= ROAM =

Continuous level of detail algorithm

In 3D computer graphics and solid modeling, real-time optimally adapting mesh (ROAM) is a continuous level of detail algorithm that optimizes terrain meshes. On modern computers, sometimes it is more effective to send a small amount of unneeded polygons to the GPU, rather than burden the CPU with LOD (Level of Detail) calculations—making algorithms like geomipmapping more effective than ROAM. This technique is used by graphics programmers
in order to produce high quality displays while being able to maintain real-time frame rates. Algorithms such as ROAM exist to provide a control over scene quality versus performance in order to provide HQ scenes while retaining real-time frame rates on hardware. ROAM largely aims toward terrain visualization, but various elements from ROAM are difficult to place within a game system.
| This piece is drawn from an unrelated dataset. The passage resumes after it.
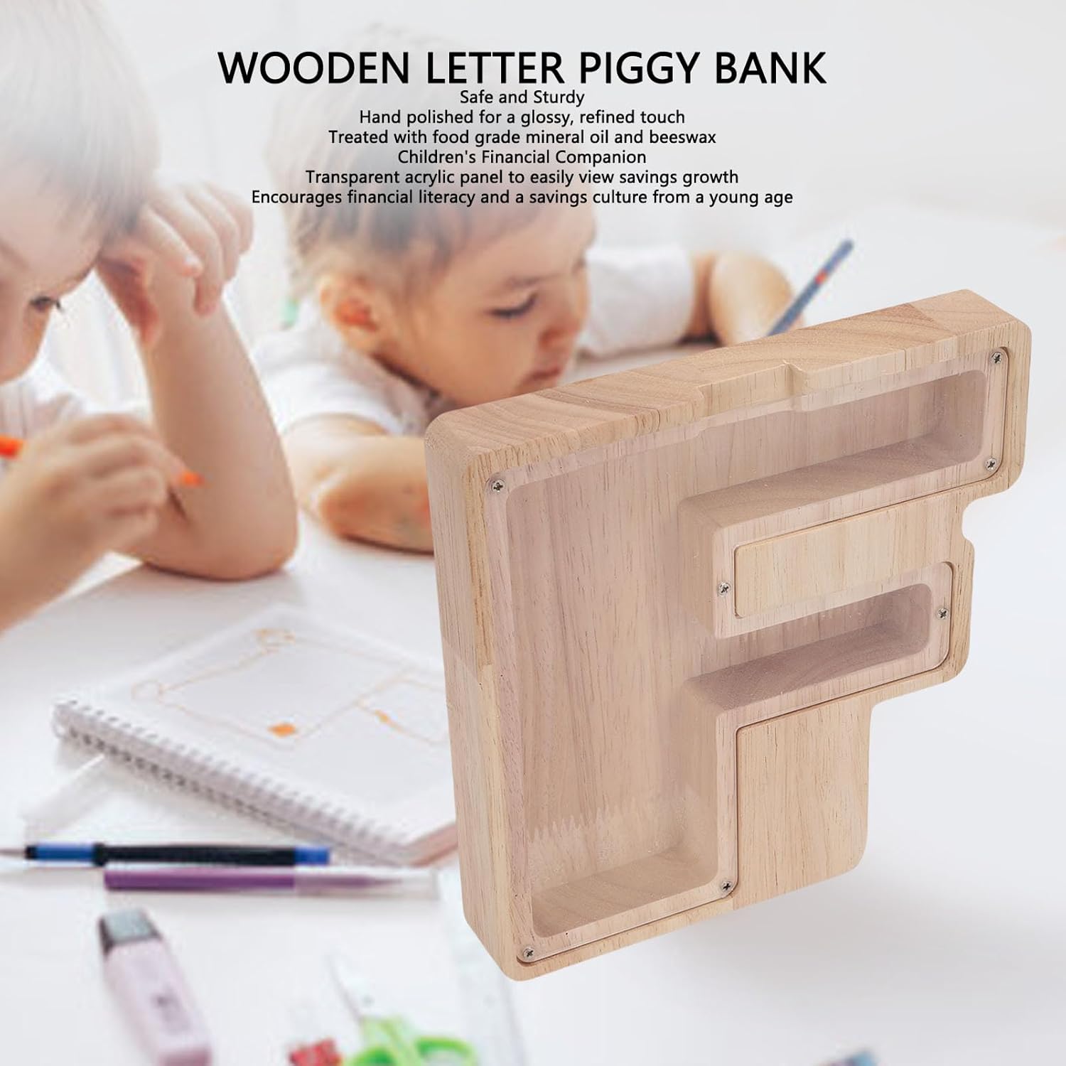 Sicurezza e durata: questa banca di lettere in legno è realizzata in legno di gomma utilizzando la tecnologia CNC per una costruzione senza soluzione di continuità e robusta. Plaimato a mano e trattati con olio minerale di grado alimentare e Beewax, garantisce una finitura lucida senza vernice, rendendo questo scatola di risparmio per bambini sicuro per l'uso quotidiano. Strumento di apprendimento finanziario: il pannello acrilico trasparente della scatola di denaro Alphabet consente ai bambini di monitorare visivamente la crescita del risparmio, promuovendo le prime capacità di gestione del denaro. Il suo design riutilizzabile incoraggia un'abitudine di risparmio costante mentre funge da giocattolo educativo coinvolgente. Pronto interattivo e a sorpresa: personalizza la scheda acrilica di questa banca per bambini con marcatori a base d'acqua per l'espressione. Ideale come ricordo per compleanni, vacanze o eventi scolastici, attraente sia per ragazzi che per le ragazze. Design multiuso: con ampio stoccaggio e una base ponderata, questo salvadanaio in legno rimane stabile su qualsiasi parte superiore. La sua costruzione robusta raddoppia come supporto per carta decorativa o contenitore di snack, mescolando funzionalità con l'estetica. Riutilizzabile e decorativo: progettato per la longevità, questo barattolo di risparmio alfabetico presenta viti rimovibili per un facile accesso al denaro senza danni. La sua finitura in legno completa gli scaffali della scuola materna o gli spazi abitativi come un pezzo di arredamento affascinante.
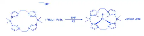 - ^ Anneser, Markus R.; Elpitiya, Gaya R.; Powers, Xian B.; Jenkins, David M. (2019-02-25). "Toward a Porphyrin-Style NHC: A 16-Atom Ringed Dianionic Tetra-NHC Macrocycle and Its Fe(II) and Fe(III) Complexes". Organometallics. 38 (4): 981–987. doi:10.1021/acs.organomet.8b00923. ISSN 0276-7333.

To assist regional geological mapping, more abundant and visualized expression forms are highly needs. Thus, the 3D terrain model is adopted as the carrier for the demands in many correlative fields. Based on the regular grid DEM (Digital Elevation Model) in DRGS, ROAM algorithm is applied to create a more dynamic model, which will give consideration to the importance of different features and select correspondence level of detail.

The algorithm was introduced in a paper in the Proceedings of IEEE Visualization 1997 by M. Duchaineau and others.